The IRAM 30-meter telescope is a radio telescope used for astronomical observations in the millimeter range of wavelengths, operated by the Institute for Radio Astronomy in the Millimeter Range (IRAM) and located in the Sierra Nevada, Spain, close to the Pico Veleta peak. Its large surface and wide-angle camera make it suitable for the exploration of large cosmic objects such as interstellar clouds, birthplaces for stars, and even galaxies. The 30-meter telescope also allows astronomers to observe the black hole and the center of the Milky Way by granting access to parts of the southern skies. The IRAM is one of the most sensitive single dish radio telescopes in the world.

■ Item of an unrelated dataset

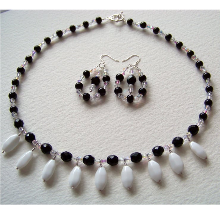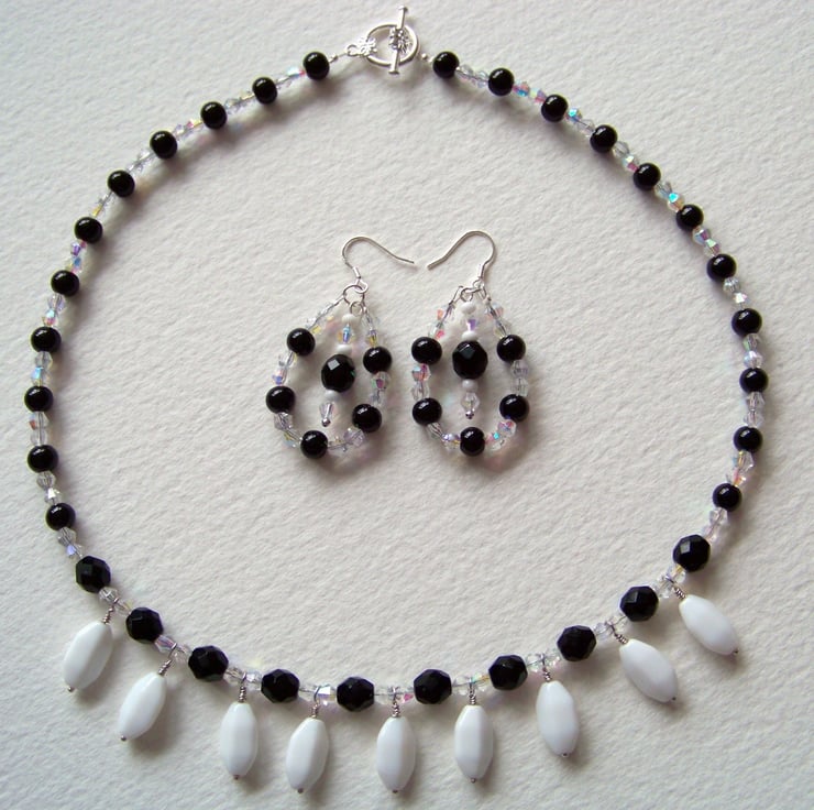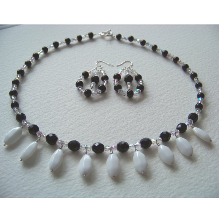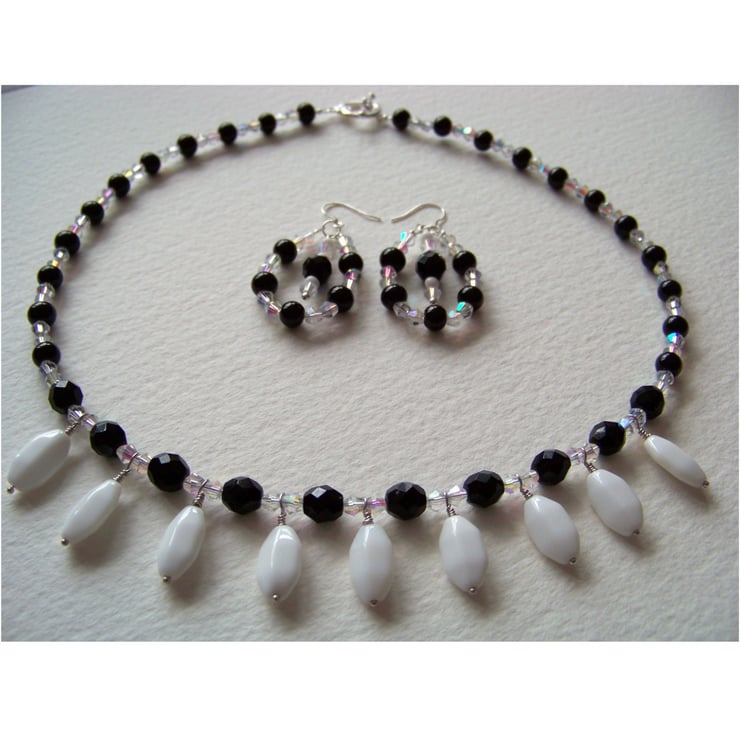 Black & White Crystal Necklace with Co-ordinating Earrings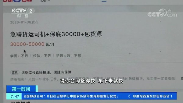 关于“货运司机招聘套路”此前1月份中央2台就对此现象进行过曝光,大多数假运输公司,假借高薪招聘的名义,用高收入吸引应聘者买车,实则是假招聘真套路的吸引着一批批人陷入套路之中。而且中,大部分人员由于缺乏货运行业从业经验,尤其容易中招。

Each year, more than 200 scientists from all over the world visit this observatory to explore the universe at millimeter wavelengths, with interests going from the Solar System to interstellar dust and gas or cosmology. Together with IRAM's second facility, the NOEMA observatory, the 30-meter telescope is part of the global Event Horizon Telescope array. It was the only station in Europe to participate in the 2017 EHT observing campaign that produced the first-ever image of a black hole.

Operation 
Built over four years (1980-1984), the telescope operates at 2850 meters above sea level. Due to its large surface, the 30-meter telescope is highly sensitive and well-adapted to detect weak sources. The surface of the parabola with its 420 panels is adjusted to a precision of 55 micrometers, corresponding to the width of a human hair.

The telescope is equipped with a suite of heterodyne receivers and continuum cameras operating at wavelengths of around 0.8, 1, 2, and 3 millimeters. By pointing the telescope toward a celestial source, and then scanning and tracking the source, astronomers can build up radio images of complete galaxies or regions of star formation in the Milky Way. With its ability to observe simultaneously at several wavelengths, the telescope can produce multiple images of the same region at once.

IRAM offers guided tours through the observatory and public talks during the summer months.

Science 
Compared to optical astronomy, which is sensitive to the hot universe (stars are generally a few thousand degrees Celsius), radio telescopes that operate in the millimeter wavebands, such as the IRAM 30-meter telescope, can view the cold universe (around −250°C). Both IRAM facilities can see the formation of the first galaxies in the universe, observe super-giant black holes at the center of galaxies, analyze the chemical evolution and dynamics of nearby galaxies, detect organic molecules and possible key elements of life, and investigate the formation of stars and the appearance of planetary systems.

As part of the Event Horizon Telescope array, the IRAM 30-meter telescope obtained the first-ever image of a black hole. Despite primarily being known for its work in EHT, EHT is not the only area in which the IRAM has done pioneering work. For instance, the first high-resolution radio observations of the heart of the Milky Way galaxy and its black hole named Sagittarius A* were made in 1995 – with a combination of the IRAM 30-meter telescope and the NOEMA array (former Plateau de Bure Interferometer). The telescope also obtained the first complete and detailed radio images of nearby galaxies and their gases. Together with NOEMA, it discovered one-third of the interstellar molecules known to date.